BEGIN

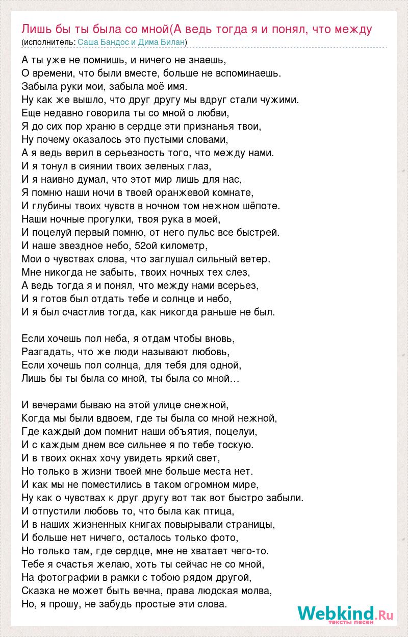 Главная→Исполнители→Саша Бандос и Дима Билан→Лишь бы ты была со мной(А ведь тогда я и понял, что между нами всерьез
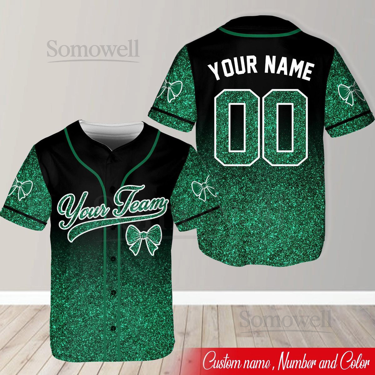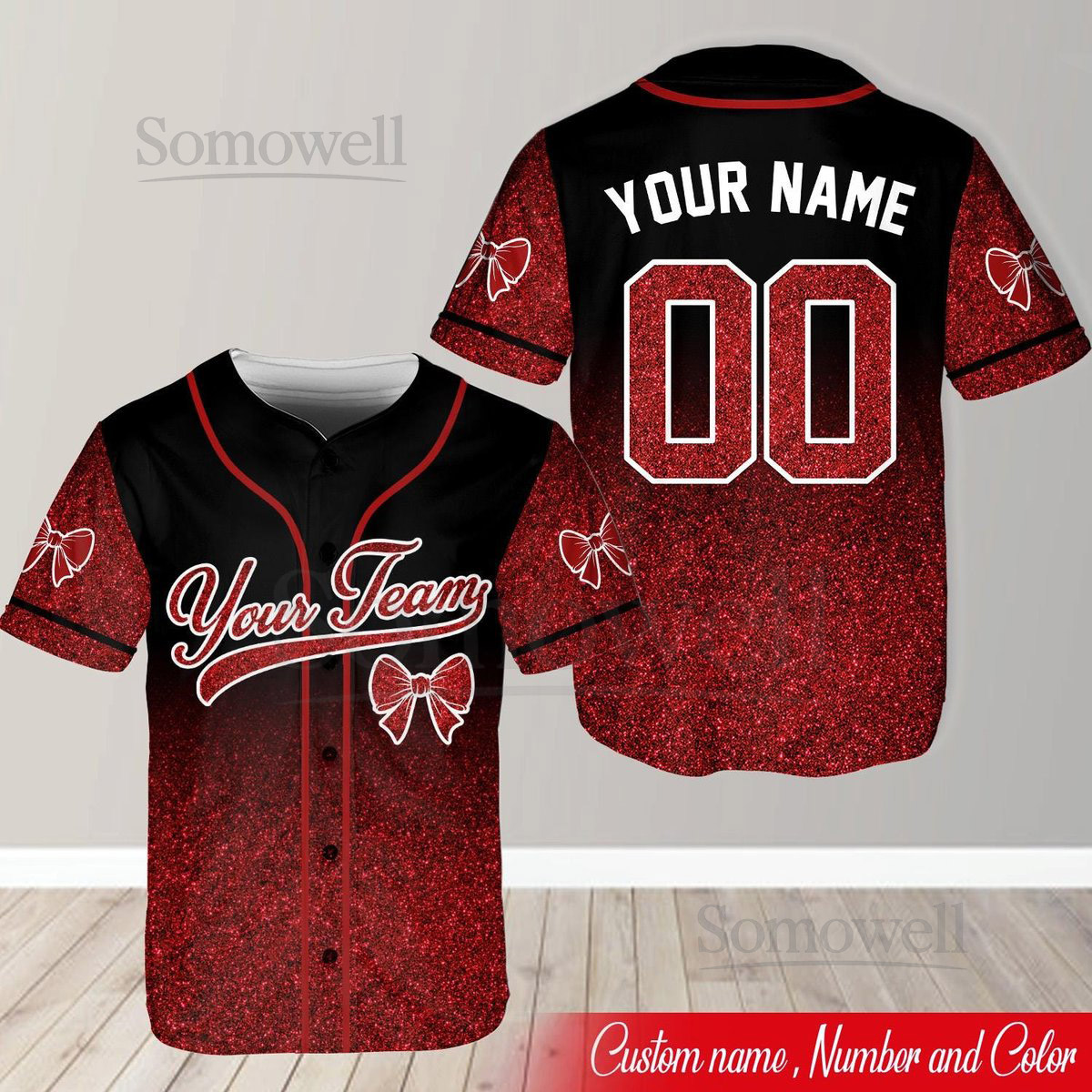 Personalized Team Name Number Bow Ribbon Baseball Jersey Custom Cheer Baseball Jersey Glitter Jersey Printed Glitter Not Glitter Fabric_739
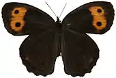 ![]() Cercyonis pegala, the common wood-nymph butterfly. Adult pictured. |
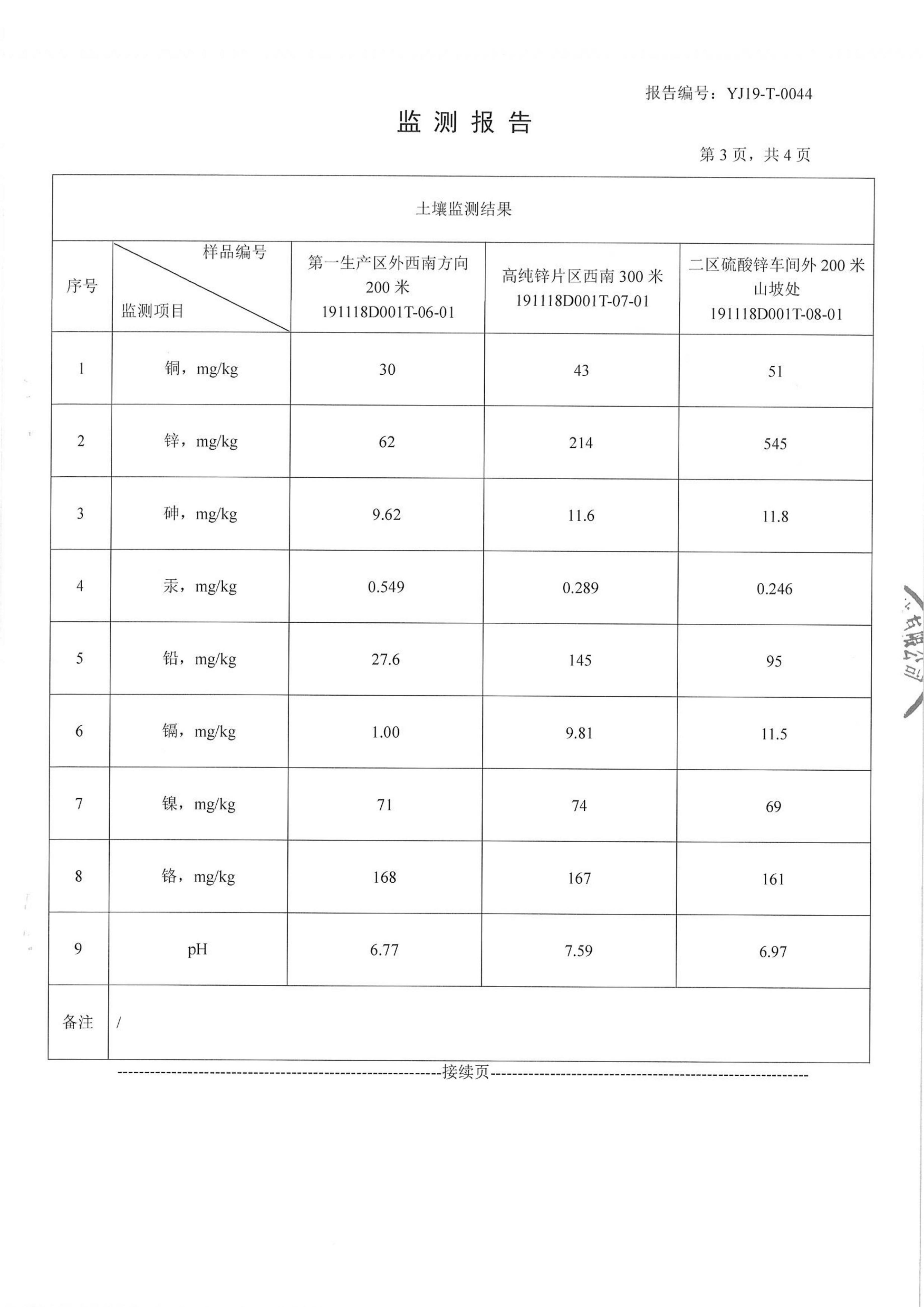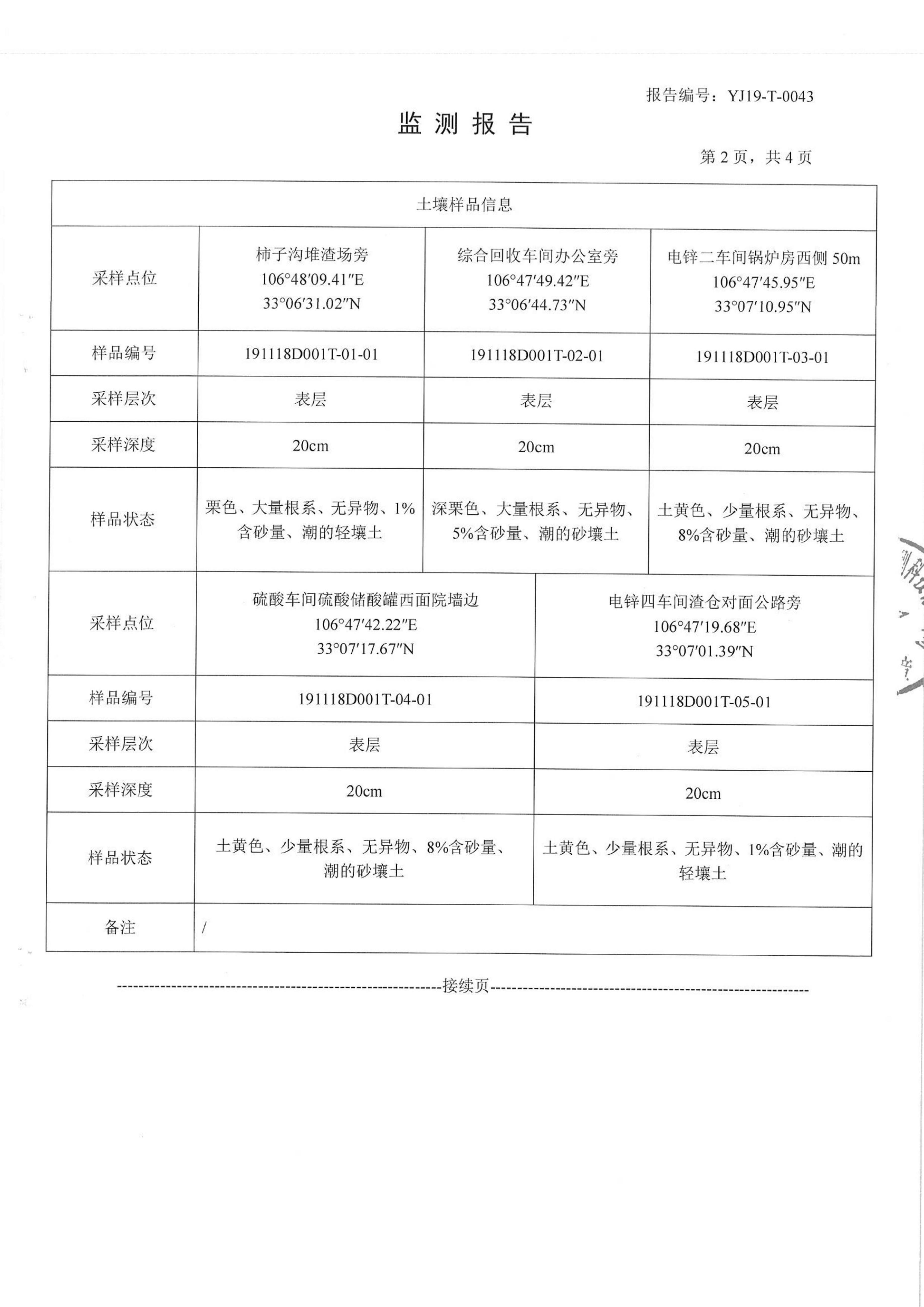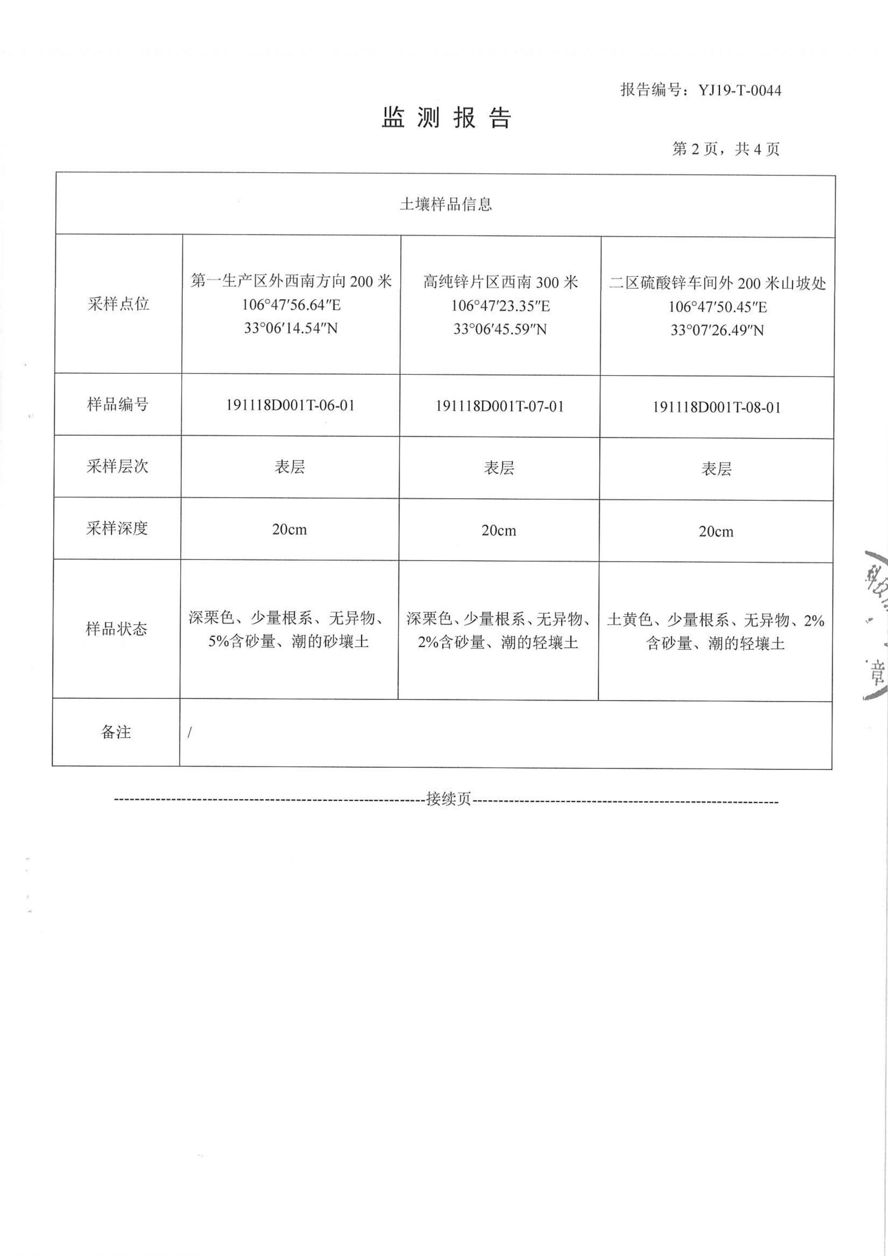 漢中鋅業有限責任公司2019年度土壤自行監測公示

END

• [PROBLEM TO SOLVE]
Every line from the one bearing "Adult pictured. |" through the end of the data above must be output exactly, and no picture may appear.

• [ANSWER TO THE EXERCISE]
 ![]() Cercyonis pegala, the common wood-nymph butterfly. Adult pictured. |
 漢中鋅業有限責任公司2019年度土壤自行監測公示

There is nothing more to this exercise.